China is on a Buying Spree. Is the Chicago Stock Exchange Next?

By Elizabeth Brotherton-Bunch
Dec 19 2016 |

Despite the risks, the U.S. government is readying to approve the exchange’s sale to a Chinese firm.

Think you’ve been on a shopping spree over the past few weeks? That’s nothing compared to China.

Chinese companies — many of which are run by the Chinese government — have spent hundreds of billions of dollars globally buying up everything from robotics makers and chemical companies to hotel chains and insurance firms. China spent more than $15 billion in transactions in the United States in 2015 alone.

Now the Chongqing Casin Enterprise Group (CCEG) — a shady Chinese firm suspected of being closely tied to the Chinese government — is preparing to purchase the Chicago Stock Exchange. The Committee on Foreign Investment in the United States (CFIUS), which is charged with examining these sort of deals for potential national security risks, approved the sale last week.

Now it must be reviewed by the U.S. Securities and Exchange Commission. But if the commission approves the deal, it would be the first sale of a U.S. exchange to Chinese investors.

To say that there are risks is an incredible understatement.

It’s unclear who actually owns CCEG. It’s likely that the Chinese government is, at the very least, a minority stakeholder in the company.

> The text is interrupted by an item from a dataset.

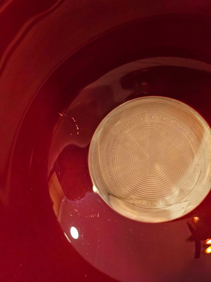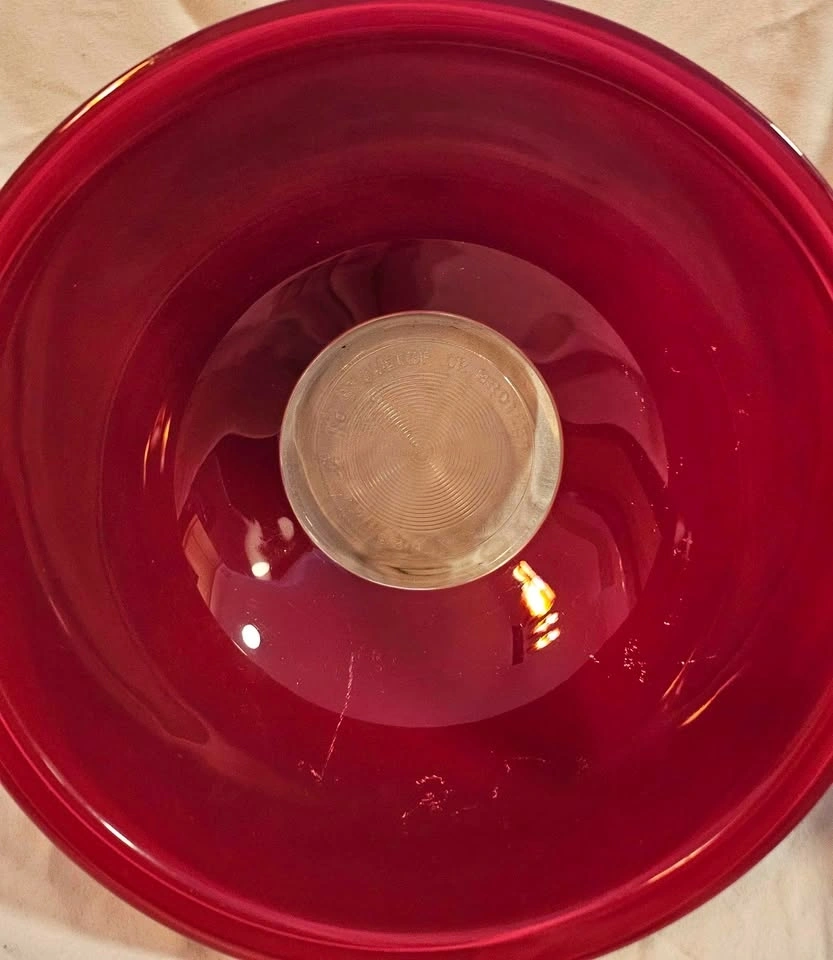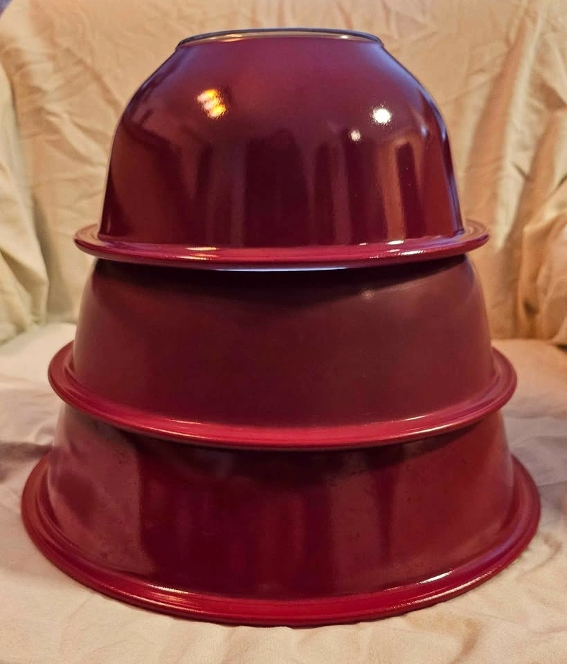 These mixing bowls are from the '80s. There are no chips or cracks. The red color was applied to the outside of the bowl. Please view the photos to see some scratches to the red applique, mainly on the largest bowl. This type of wear is very typical for these bowls. These bowls were used for display only. When stacked, no flaws to the red applique are noticeable. The strong color of these bowls makes for a dramatic display in a white, grey, or black kitchen. Pictures are ordered from the smallest to largest bowl. Largest bowl is 10" diameter, middle bowl is 8 1/4" diameter, and the smallest bowl is 7" diameter. Height when stacked is 4".
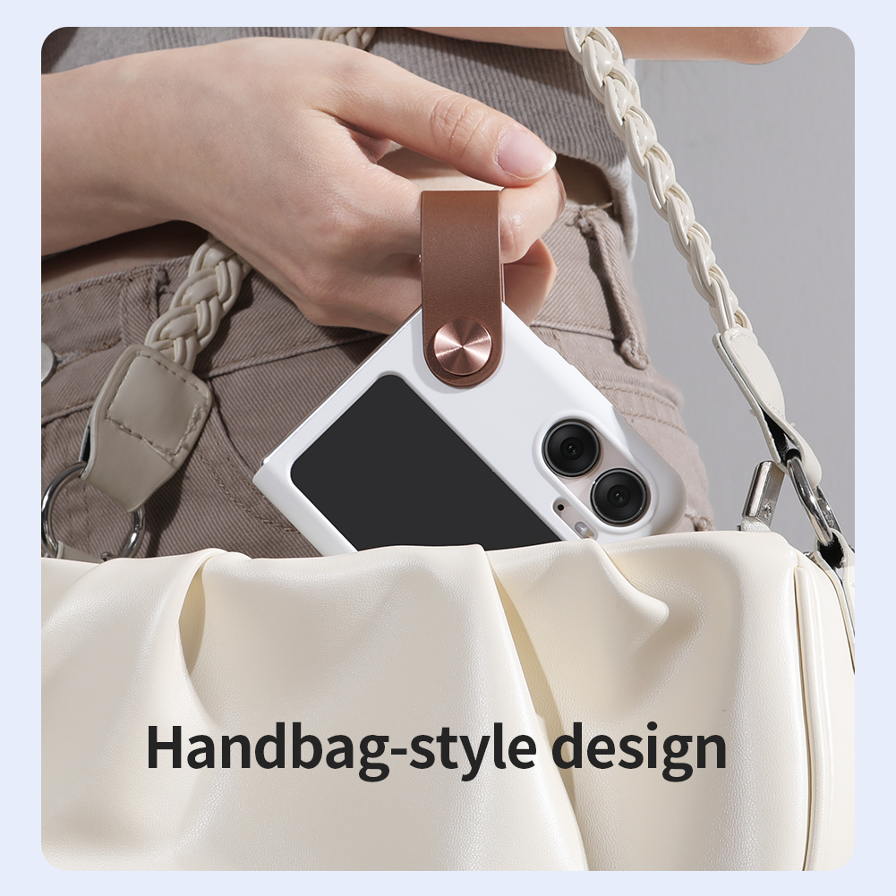 Противоскользящий чехол белого цвета (Morning White) из шелковистого силикона от Nillkin серии Flex Flip для телефона OPPO Find N2 Flip.

In its annual report to Congress this year, the bipartisan U.S.-China Economic and Security Review Commission said China uses state-backed enterprises “as the primary economic tool for advancing and achieving its national security objectives.” The situation is so serious that the commission recommended Congress take action to ban Chinese state-owned firms from acquiring U.S. companies.

Here’s the commission:

“[T]here is an inherently high risk that whenever [a state-owned enterprise] acquires or gains effective control of a U.S. company, it will use the technology, intelligence, and market power it gains in the service of the Chinese state to the detriment of U.S. national security.”

The commission isn’t alone in sounding the alarm bells. In February, a bipartisan group of 45 Members of Congress wrote to CFIUS requesting “a full and rigorous investigation” into the Chicago Stock Exchange deal specifically, further urging CFIUS to deny it “should you determine CCEG maintains a close relationship with the Chinese government — and therefore the Chinese military.”

But our national security isn’t the only thing at risk. Deals like this also could hurt private sector companies.

Companies must provide sensitive data in order to be listed on the stock exchange. We know that China has stolen trade secrets from American companies before — U. S. Steel Corp. filed a complaint with the U.S. International Trade Commission earlier this year alleging just that.

So why would we willingly hand over such vital data to the Chinese?

The United States has one of the most open markets in the world, and we should not automatically fear foreign investment. But allowing a shady company with close ties to a potentially hostile foreign government to control an American stock exchange just doesn’t make sense.

At the very least, deals like these need extra scrutiny to ensure our national and economic security isn’t at risk.